Synecdoche, New York worth visiting



Another outrageous Charlie Kaufman tale

By Matt Brunson


DIRECTED BY Charlie Kaufman

STARS Philip Seymour Hoffman, Samantha Morton

To attempt to encapsulate Synecdoche, New York, in a few hundreds words seems a daunting task — akin, perhaps, to building an entire gymnasium out of wet sand or watching video clips of Ann Coulter without feeling a bit of puke rising up into the mouth.

Charlie Kaufman has never felt the need to be constricted by what conventional wisdom declares are the boundaries of the motion picture form, as evidenced by his scripts for Being John Malkovich, Adaptation and Eternal Sunshine of the Spotless Mind (for which he won an Oscar). While hardly his best film, Synecdoche, New York — which also marks his directorial debut — might perhaps be his most outrageous one yet. It feels at once personal and universal, and its idiosyncratic nature is certain to leave many moviegoers coldly indifferent in its wake. It takes the notion of life as merely one sprawling play — or, as Shakespeare put it in As You Like It, "All the world's a stage, and all the men and women merely players; they have their exits and their entrances" — and to a fair extent literalizes it, as theater director Caden Cotard (Philip Seymour Hoffman), reeling from a life full of illness and unfulfilled relationships, uses the money from a fellowship to mount a navel-gazing play that will consume him for the rest of his time on Earth. He hires actors to play himself as well as acquaintances, and he's constantly updating the material as his real existence shifts in different directions.
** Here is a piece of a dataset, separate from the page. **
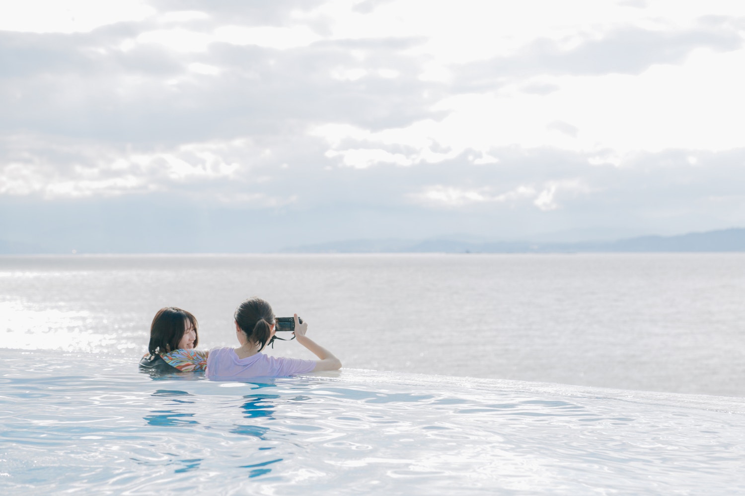 イベントの目玉でもあった、えのすぱの様子からレポート。湘南の海を望むインフィニティプール、光と影が美しい洞窟プール、サウナなどそれぞれのスポットで癒しの時間を楽しみました✨まさに“リトリート”の名にふさわしいひととき。暗い空間から海が広がる風景も楽しめる洞窟エリアは、ワクワクする空間で幻想的な写真も撮れるからおすすめという声も!メンバーのみんなが撮影した写真も、本当にとっても素敵でした❣️

On paper, this all might sound gimmicky, and a stretched-out running time (just over two hours) indeed allows many of the scenes to feel like nothing more than Kaufman taking jabs at narrative conventions — in short, his unpredictability becomes predictable. But as the film enters its final chapters, Kaufman's musings on memory, identity and especially aging stir up a gathering storm of audience empathy, and as the final credits roll, we reflect not on the cleverness of Kaufman's script but, rather unexpectedly, on its emotional impact.